With pictures left out, output exactly the lines of the listing below from the line that has "船舶用钛注重海水腐蚀环境下的" to the line that has "UNIQUE PERSONALITY HARLEY", both lines kept.
---- MATERIAL FOR THE TASK
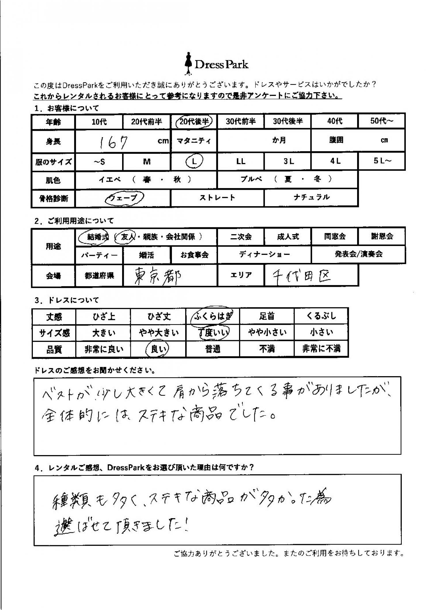 東京都 Y.O様167㎝ Lサイズ銀座・丸の内 #20代#M/L#165~169㎝#結婚式(友人)#東京都#銀座・丸の内 ◆レンタルしたドレスはこちら ◆レンタルしたサイズは:L ◆レンタルした日付:2026/04/19 ドレスの着用感 ◆点数: (4点) ◆丈感:ふくらはぎ ◆サイズ感:丁度いい ◆品質:良い ◆骨格診断:ウェーブ ドレスの感想 ベストが少し大きくて肩から落ちてくることがありましたが、全体的には素敵な商品でした。 レンタルのご感想、DressParkをお選び頂いた理由 種類も多く、素敵な商品が多かったため、選ばさせていただきました! CUSTOMER REVIEWS お客様の声 気になるカテゴリー別にご利用の感想をチェック! ◆AGE 年代で見る 10代 20代 30代 40代 50代~ ◆SIZE サイズで見る SS/S M/L 大きいサイズLL~ ◆HIGHT 身長で見る 140~149㎝ 150~154㎝ 155~159㎝ 160~164㎝ 165~169㎝ 170㎝以上 ◆マタニティ ~3か月 4~6か月 7~8か月 9~10か月 ◆肌色 イエベ ブルべ ◆骨格診断 ウェーブ ストレート ナチュラル ◆利用シーン 結婚式(友人) 結婚式(親族) 結婚式(会社関係) 二次会 成人式/同窓会 謝恩会 パーティー その他 CUSTOMER REVIEWS都道府県別お客様の声 都道府県別にのお客様の声をチェック! 北海道 青森県 岩手県 宮城県 秋田県 山形県 福島県 茨城県 栃木県 群馬県 埼玉県 千葉県 東京都 神奈川県 新潟県 富山県 石川県 福井県 山梨県 長野県 岐阜県 静岡県 愛知県 三重県 滋賀県 京都府 大阪府 兵庫県 奈良県 和歌山県 鳥取県 島根県 岡山県 広島県 山口県 徳島県 香川県 愛媛県 高知県 福岡県 佐賀県 長崎県 熊本県 大分県 宮崎県 鹿児島県 沖縄県 CUSTOMER REVIEWSエリア別お客様の声 都道府県別にのお客様の声をチェック! 札幌 仙台 名古屋 軽井沢 金沢 神戸・芦屋 博多 那覇 梅田・新大阪 難波・心斎橋 鎌倉・湘南 横浜・みなとみらい 舞浜・浦安・幕張 大宮・浦和 青山・表参道 六本木・麻布 渋谷・恵比寿 新宿 池袋 銀座・丸の内 お台場・汐留 鹿児島市 郡山市 福島市 東予 甲府・石和 LINEでお問い合わせ このサイトではJavaScriptを使用しています
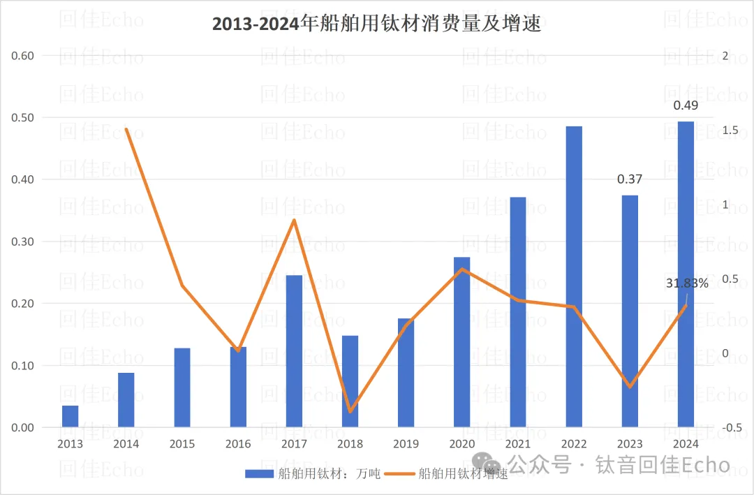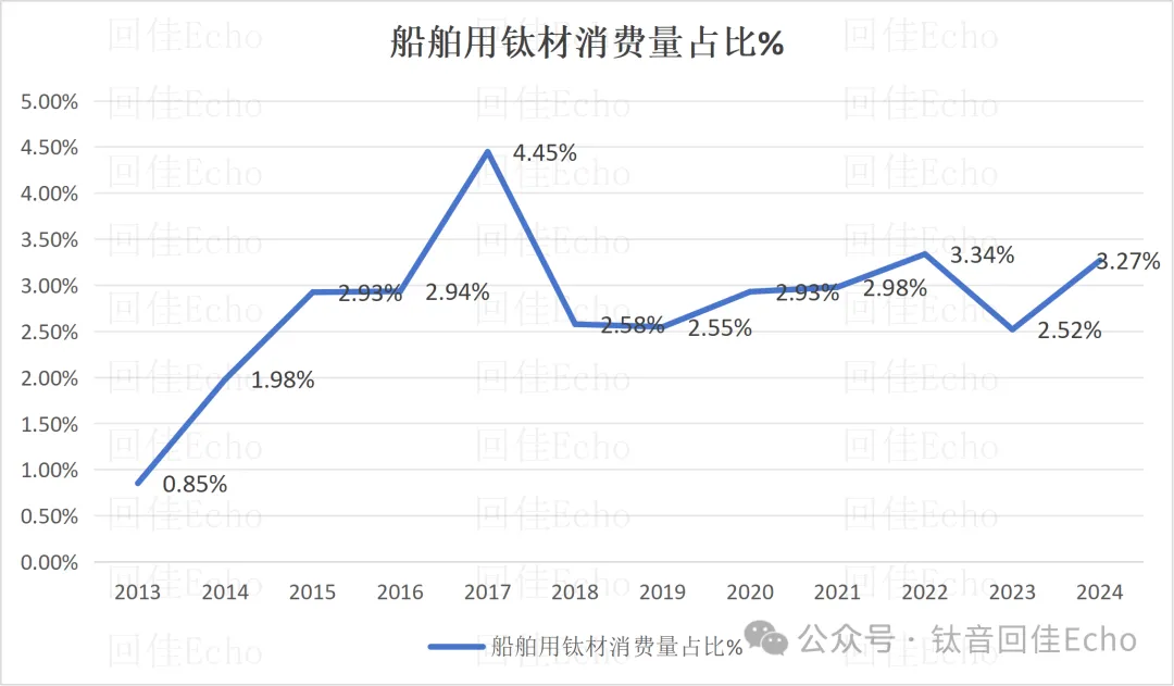 船舶用钛注重海水腐蚀环境下的经济性平衡。2024年我国钛材消费量15.09万吨,其中船舶用钛材消费量4933吨,占3.27%。从2013年的0.85%应用占比,增加到2024年的3.27%。整体来看,船舶用钛材消费量占比呈现增长趋势。
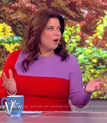 Ana Navarro on The View on ABC was spotted wearing this colorblock ribbed dress on The View on Nov 28 2022's episode. Ana's Dress is the Colorblocked Long Sleeve Maxi Dress by Victor Glemaud.
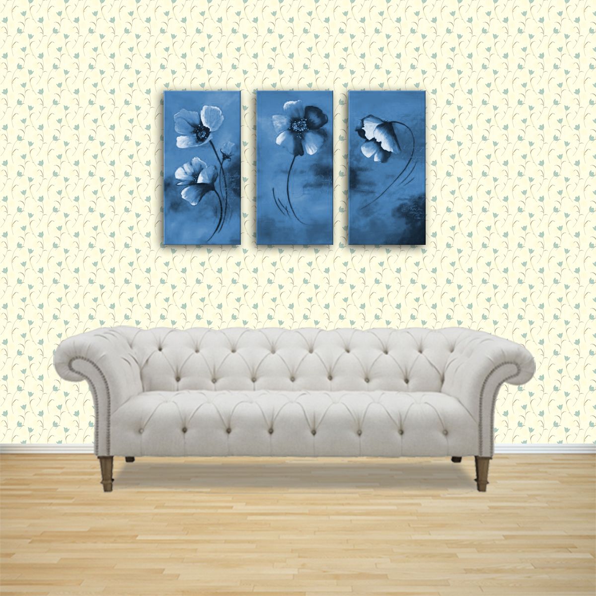 1/12 Scale Dolls House Miniatures  | Dolls House Miniature Pale Blue Flower And Stem Wallpaper
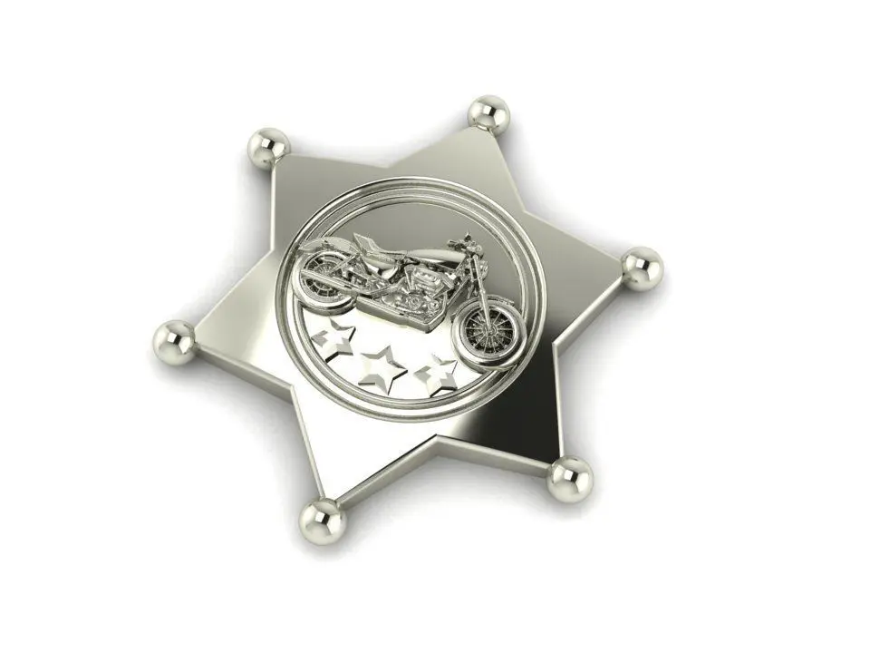 UNIQUE PERSONALITY HARLEY DAVIDSON MOTORCYCLE STAR POLICE CHIEF BADGE MODEL. CAN BE MADE AS A PENDANT OR BADGE, STAR DESIGN 0.7MM THICK, SIZE IN PICTURE SECTION.
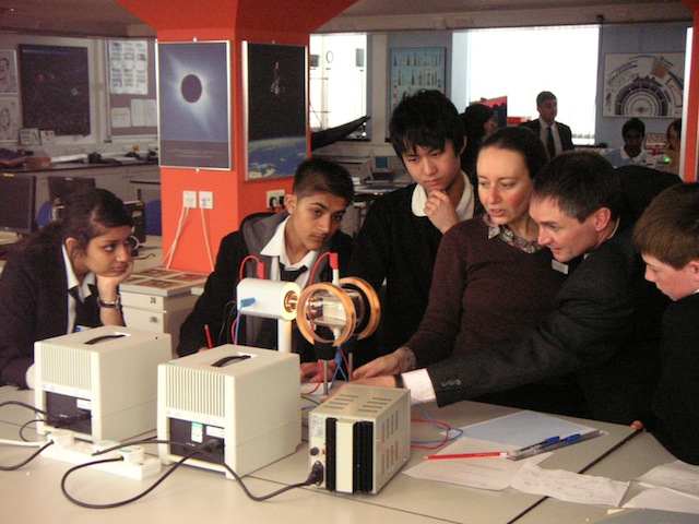 Cristina and Deirdre each made a series of visits to their local school, to talk with students about physics, particle physics and the LHC, and to help them plan and carry out their experiments. These were to understand electron diffraction in the case of Yardleys School, and to measure the charge-to-mass ratio of the electron in the case of the Netherhall School. These activities were complemented by two one-day workshops, attended by students from both schools.
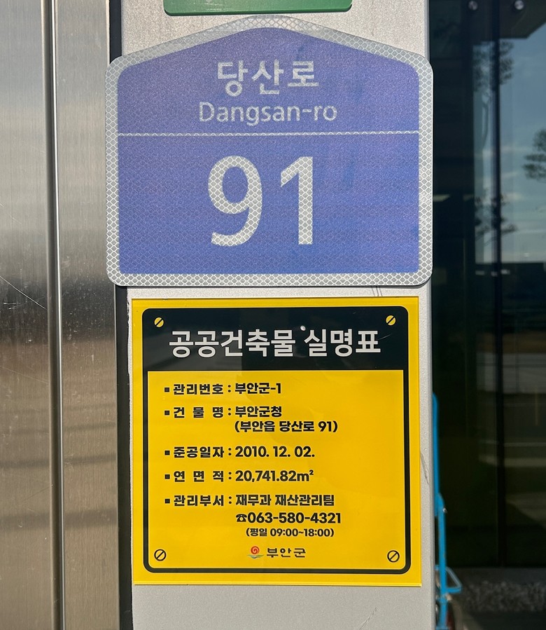 이번에 부착되는 관리실명표에는 건물명, 주소, 준공일자, 연면적 등 기본 정보는 물론 해당 시설물을 직접 관리하는 부서명과 연락처가 명확하게 기재된다.
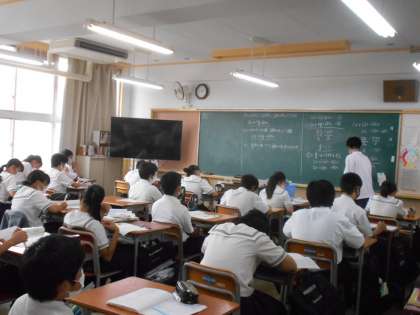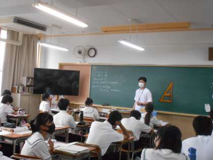 5限目には、2年3組で数学の左海先生による研究授業が行われました。
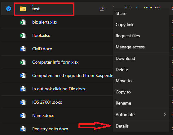 - Go to the file in OneDrive and click the 3 dots and select details in the drop down
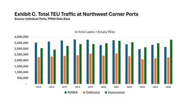 Now, where should British Columbia’s Port of Vancouver go in the Four Corners scheme? It, rather than Northern California’s Port of Oakland, is the rival against which the Northwest Seaport Alliance most directly competes for containerized business, as Exhibit C indicates.
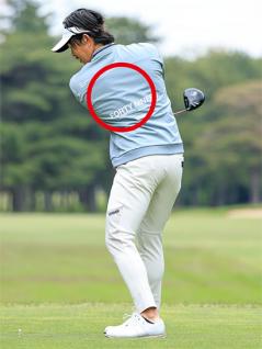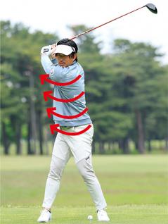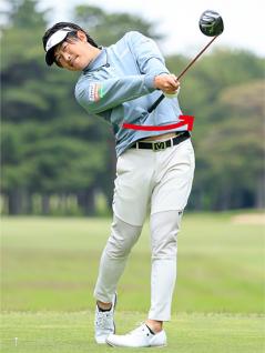 お腹を回すイメージがオススメ。肩と腰の回転角度が大きくなって飛ばせる!
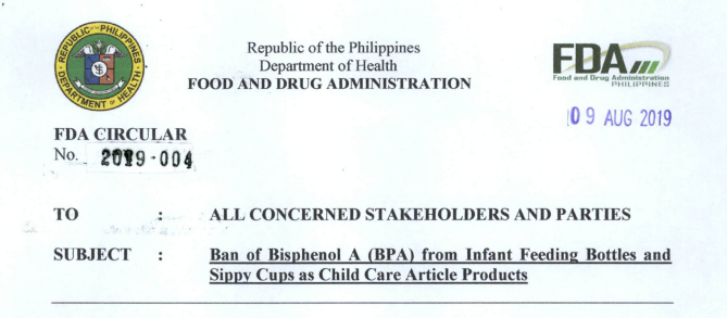 9 August 2019, The Philippines' Food and Drug Administration (FDA) released a notice to ban the use of bisphenol A (BPA) in infant feeding bottles and sippy cups and production, import and sale of products containing BPA are prohibited. The notice says the ban will take effect 30 days after its publication in two newspapers of general circulation and its submission to the Office of the National Administrative Register at the University of the Philippines' Law Center.
--------
TASK RESULT
 船舶用钛注重海水腐蚀环境下的经济性平衡。2024年我国钛材消费量15.09万吨,其中船舶用钛材消费量4933吨,占3.27%。从2013年的0.85%应用占比,增加到2024年的3.27%。整体来看,船舶用钛材消费量占比呈现增长趋势。
 Ana Navarro on The View on ABC was spotted wearing this colorblock ribbed dress on The View on Nov 28 2022's episode. Ana's Dress is the Colorblocked Long Sleeve Maxi Dress by Victor Glemaud.
 1/12 Scale Dolls House Miniatures  | Dolls House Miniature Pale Blue Flower And Stem Wallpaper
 UNIQUE PERSONALITY HARLEY DAVIDSON MOTORCYCLE STAR POLICE CHIEF BADGE MODEL. CAN BE MADE AS A PENDANT OR BADGE, STAR DESIGN 0.7MM THICK, SIZE IN PICTURE SECTION.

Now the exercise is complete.